- Nicollet Township, Minnesota Location within the state of Minnesota Nicollet Township, Minnesota Nicollet Township, Minnesota (the United States)
- Coordinates: 44°14′29″N 94°11′2″W﻿ / ﻿44.24139°N 94.18389°W
- Country: United States
- State: Minnesota
- County: Nicollet

Area
- • Total: 33.4 sq mi (86.6 km^{2})
- • Land: 33.1 sq mi (85.8 km^{2})
- • Water: 0.31 sq mi (0.8 km^{2})
- Elevation: 991 ft (302 m)

Population (2020)
- • Total: 483
- • Density: 16/sq mi (6/km^{2})
- Time zone: UTC-6 (Central (CST))
- • Summer (DST): UTC-5 (CDT)
- ZIP code: 56074
- Area code: 507
- FIPS code: 27-46168
- GNIS feature ID: 0665121

= Nicollet Township, Nicollet County, Minnesota =

Nicollet Township is a township in Nicollet County, Minnesota, United States. The population was 483 at the 2020 census.

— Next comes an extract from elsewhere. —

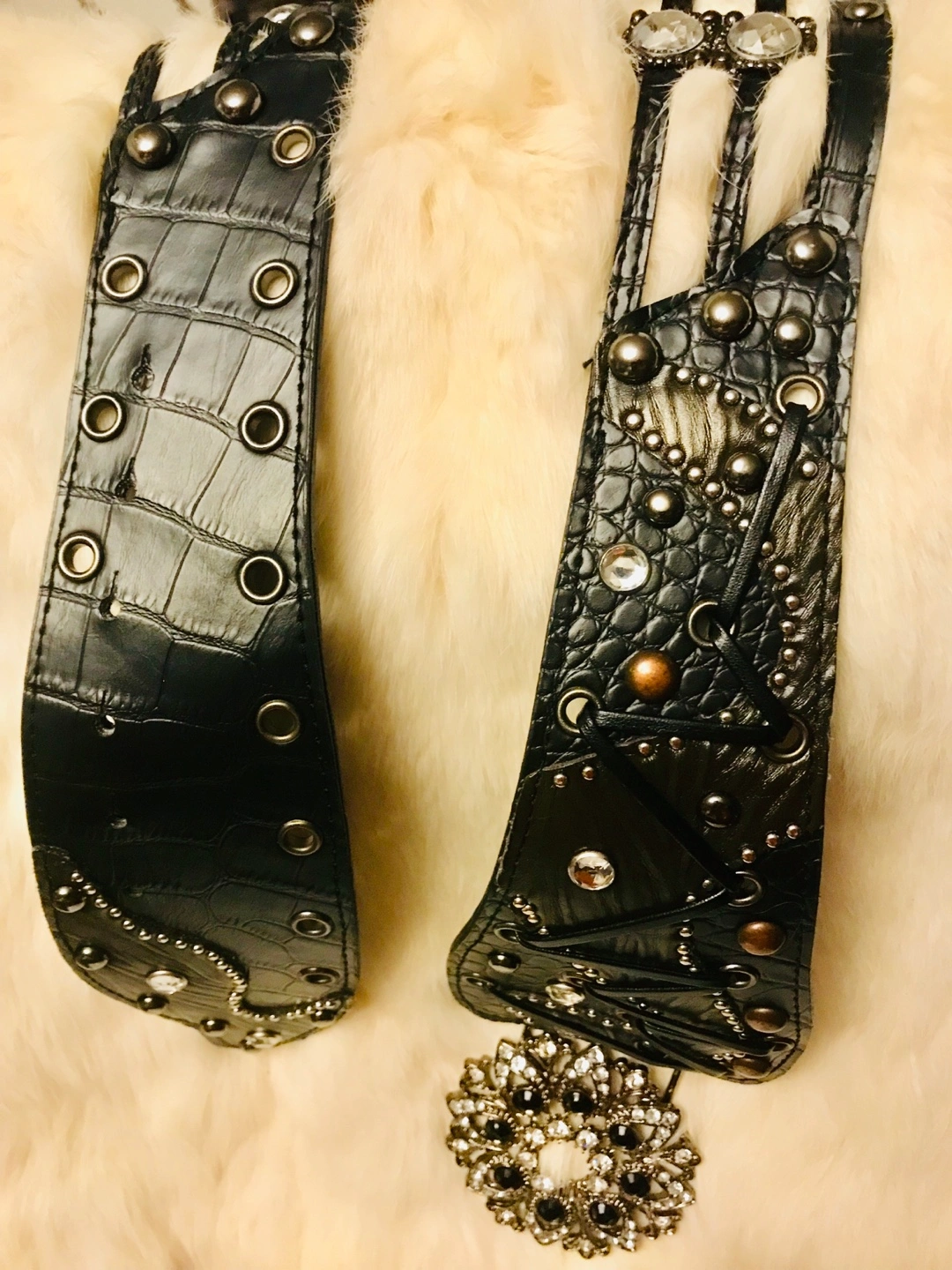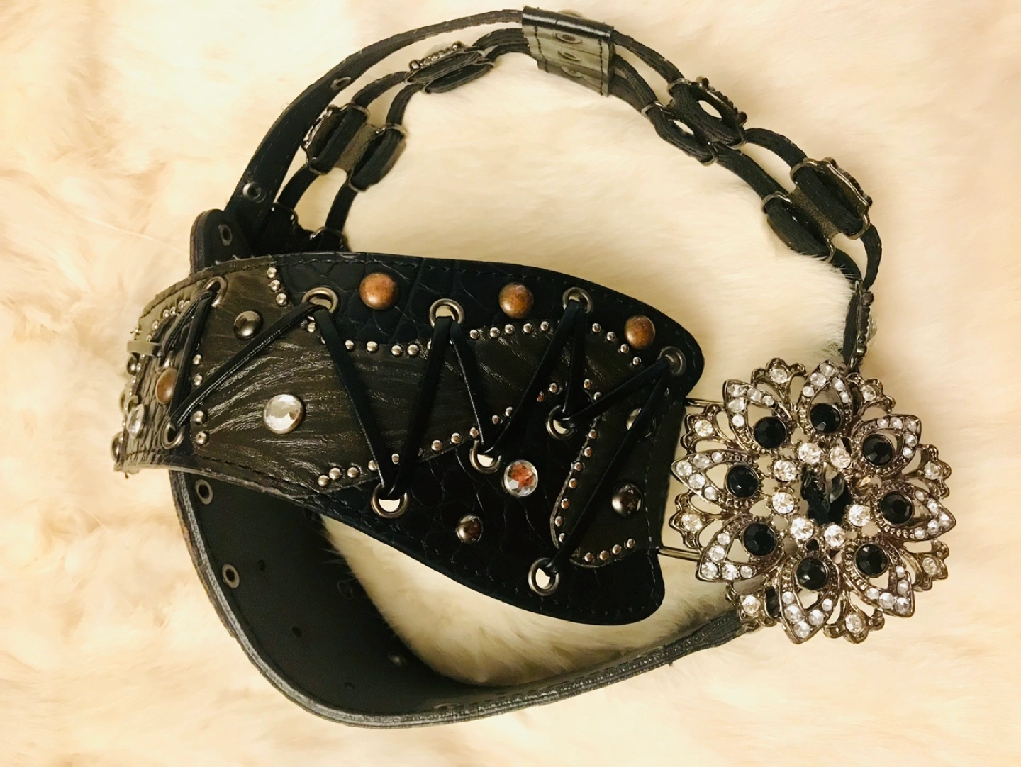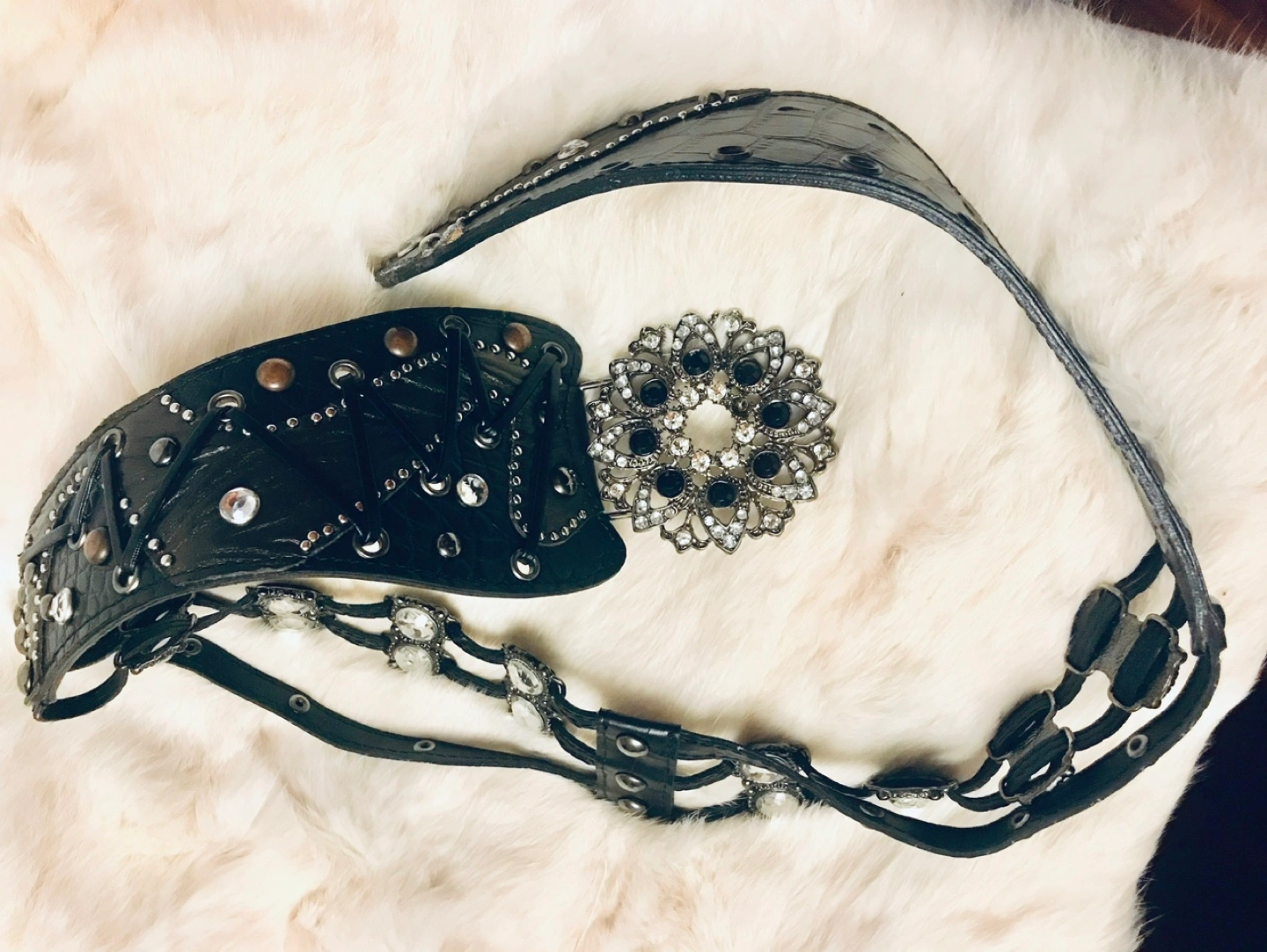 Wide black leather belt. Features rhinestones, studs, and metal accents. Ornate floral rhinestone buckle. Eye-catching design.
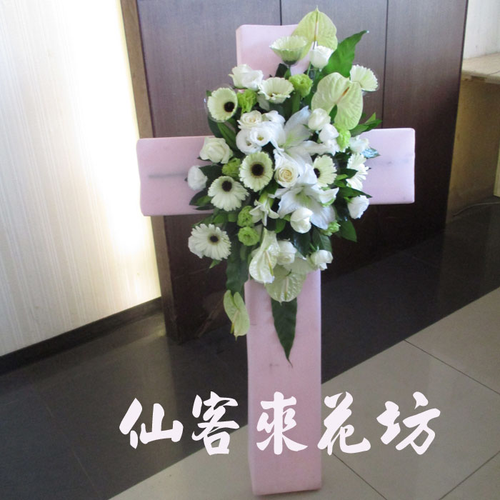 【喪禮十字架】十字架、喪事十字架、弔唁十字架、致喪十字架、弔唁花禮十字架一個,素雅莊重,喪禮十字架適合送到追思禮拜的靈堂表達永遠的哀思,花材配色依往生者的年齡而定。

Nicollet Township was organized in 1858, and was named after the county in which it is located.

==Geography==
According to the United States Census Bureau, the township has a total area of 33.4 square miles (86.6 km^{2}), of which 33.1 square miles (85.8 km^{2}) is land, and 0.3 square miles (0.8 km^{2})(0.96%) is water.

==Demographics==
At the 2020 census, there were 483 people, 183 households, and 149 families residing in the township. The population density was 14.5 per square mile (5.6/km^{2}). There were 197 housing units at an average density of 5.9/sq mi (2.3/km^{2}). The racial makeup of the township was 96.9% White, 0.8% Black, 0.4% Native American, and 1.7% Multiracial.

Of the 183 households 32.8% had children under the age of 18 living with them, 84.2% were married couples living together, 4.4% had a female householder with no spouse present, and 7.7% had a male householder with no spouse present. 9.8% of all households were made up of individuals, and 3.8% had someone living alone who was 65 years of age or older. The average household size was 2.93 and the average family size was 3.19.

Age distribution was 27.5% under the age of 20, 54.7% from 20 to 64, 17.8% who were 65 years of age or older. The median age was 39.3 years. The population was 52% male and 48% female.

The median household income was $100,284, and the median family income was $101,548. According to the 2023 American Community Survey, Males had a median income of $42,279 versus $50,000 for females. The per capita income for the township was $46,494. 0.2% of the population were below the poverty line.